Hurricanes won’t place burden on Samuels, assures coach

ST JOHN’S, Antigua, CMC – Leeward Islands Hurricanes, Reginald Benjamin, has pushed back on suggestions his side will be overly reliant on West Indies batting star Marlon Samuels during the upcoming Regional Super50.

Marlon Samuels

The franchise have managed to contract the services of the experienced Jamaican right-hander, representing a massive boost for their chances in the January 24 to February 18 tournament set to be staged here and in Barbados. However, Benjamin contended the Hurricanes’ challenge in the tournament would see a team-centred approach and not just a dependence on Samuels’s run-scoring.

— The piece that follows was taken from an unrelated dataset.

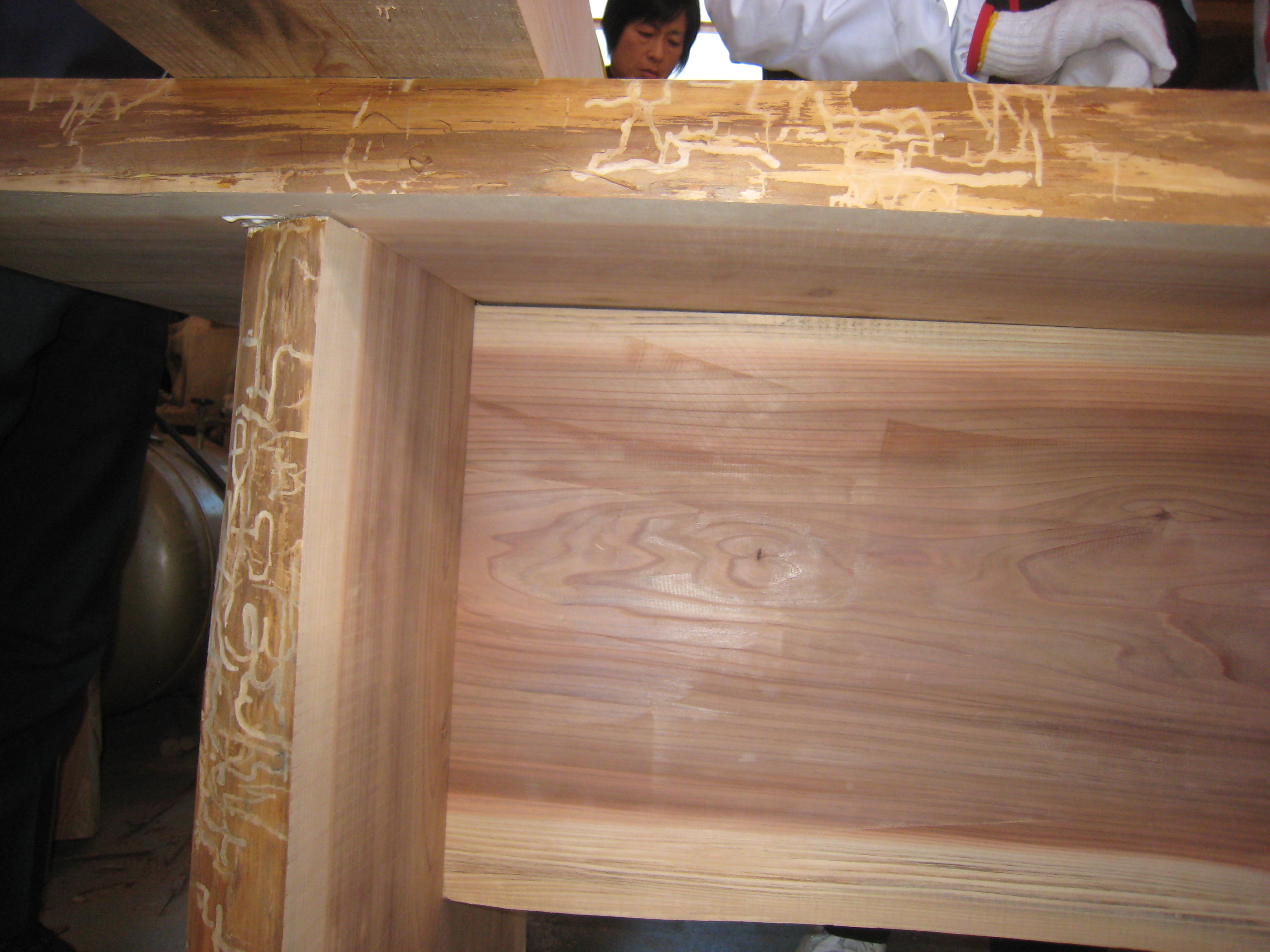 部材をさらに細かく加工しました。木くずが飛ぶとこんな状態になります。

“We are not going to center our batting on any one player,” Benjamin stressed to the Observer newspaper here.

“We are a team in which everyone holds a certain [amount of] responsibility, and we have other players that in case Marlon shows up and he is not in the best of form that they can step up.

“We’re a team that depend on each other but, at the same time, the top players will be ready to step up and we welcome Marlon and he knows that.” Samuels is one of three non-Leewards players in the 14-man squad, with Trinidadians Kevon Cooper and Akeal Hosein selected. The trio are expected to strengthen a side which has struggled in the competition of recent. They have not won the tournament since 2010 when they shared the title with Barbados, and have failed to make the final four since then.

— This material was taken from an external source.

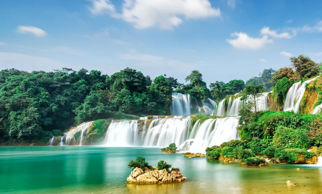 后乘车前往AAAAA级德天景区,游览【德天跨国大瀑布》景区(游览时间约2小时)(不含景区接驳车35元/人),徒步进入景区游览亚洲第一大、世界第四大跨国瀑布,瀑布由中国的德天瀑布和越南板约瀑布相连构成,横跨中越两国边境,宽208米,落差70米,纵深60米,三级跌落,雄奇壮阔!

Benjamin said Hurricanes would continue to welcome other Caribbean players in the franchise set-up but stressed that performance would be key to their selection. “Players reach out to Leeward Islands to offer their services on the field or off the field and we as an entity saw it fit to then invite these players,” he explained. “But as I said before, this does not guarantee they are going to play with the team. Who performs get selected and who does not perform gets left out and that’s how the process work.”

Hurricanes have been installed in Group A which includes reigning champions Trinidad & Tobago Red Force, Windward Islands Volcanoes, West Indies Under-19s and English county side, Kent Spitfires. And with the likes of Test pacer Alzarri Joseph, captain and out-of-favour Test opener Kieran Powell, and West Indies A all-rounder and vice-captain, Rahkeem Cornwall, in the line-up, Benjamin expects Hurricanes to do well. “I think that we have a solid team and we have people who believe that we can do it within the team so it’s a different approach than just showing up,” he noted. “We know that we have a lot to gain from advancing in this tournament and that’s the focus.” Hurricanes open their campaign against Kent at the Coolidge Cricket Ground – the former Stanford Cricket Ground – in a day/night affair here next Wednesday.